• TASK INSTRUCTIONS:
Find "Choose between two" below and begin at its line; stop after the line with "--version 1.8.6 を実行したことが気になり、". Output those lines exactly, without pictures.
(MATERIAL FOR THIS EXERCISE begins)
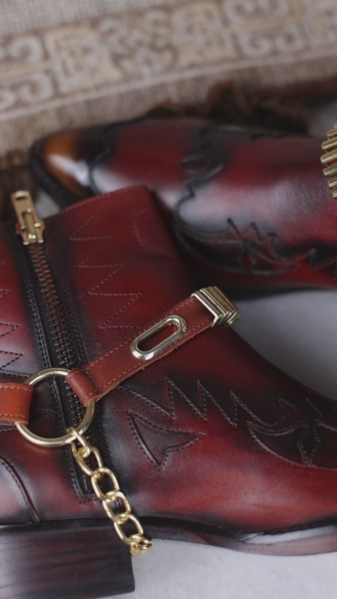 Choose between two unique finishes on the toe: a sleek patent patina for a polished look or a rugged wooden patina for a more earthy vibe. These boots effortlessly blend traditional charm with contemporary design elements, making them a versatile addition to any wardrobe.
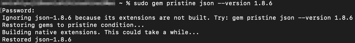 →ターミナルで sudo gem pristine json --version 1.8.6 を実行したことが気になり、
(MATERIAL FOR THIS EXERCISE ends)
(MATERIAL FOR THIS EXERCISE begins)
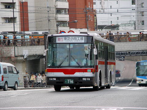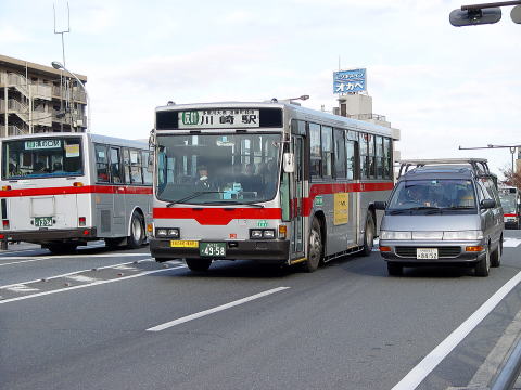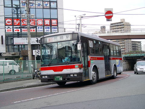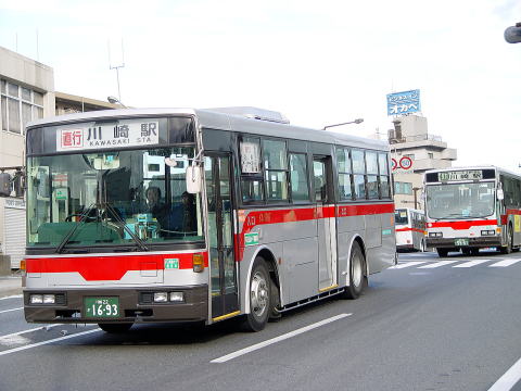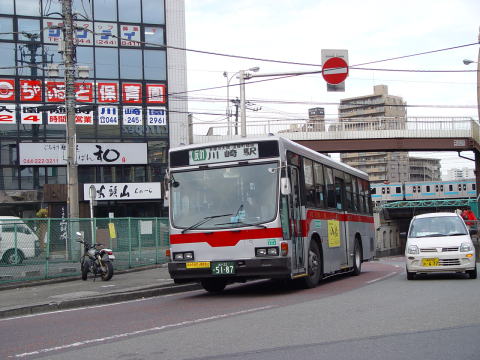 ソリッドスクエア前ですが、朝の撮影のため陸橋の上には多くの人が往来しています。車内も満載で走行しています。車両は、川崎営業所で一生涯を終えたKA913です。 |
(MATERIAL FOR THIS EXERCISE ends)
• RESULT FOR THIS EXERCISE:
 Choose between two unique finishes on the toe: a sleek patent patina for a polished look or a rugged wooden patina for a more earthy vibe. These boots effortlessly blend traditional charm with contemporary design elements, making them a versatile addition to any wardrobe.
 →ターミナルで sudo gem pristine json --version 1.8.6 を実行したことが気になり、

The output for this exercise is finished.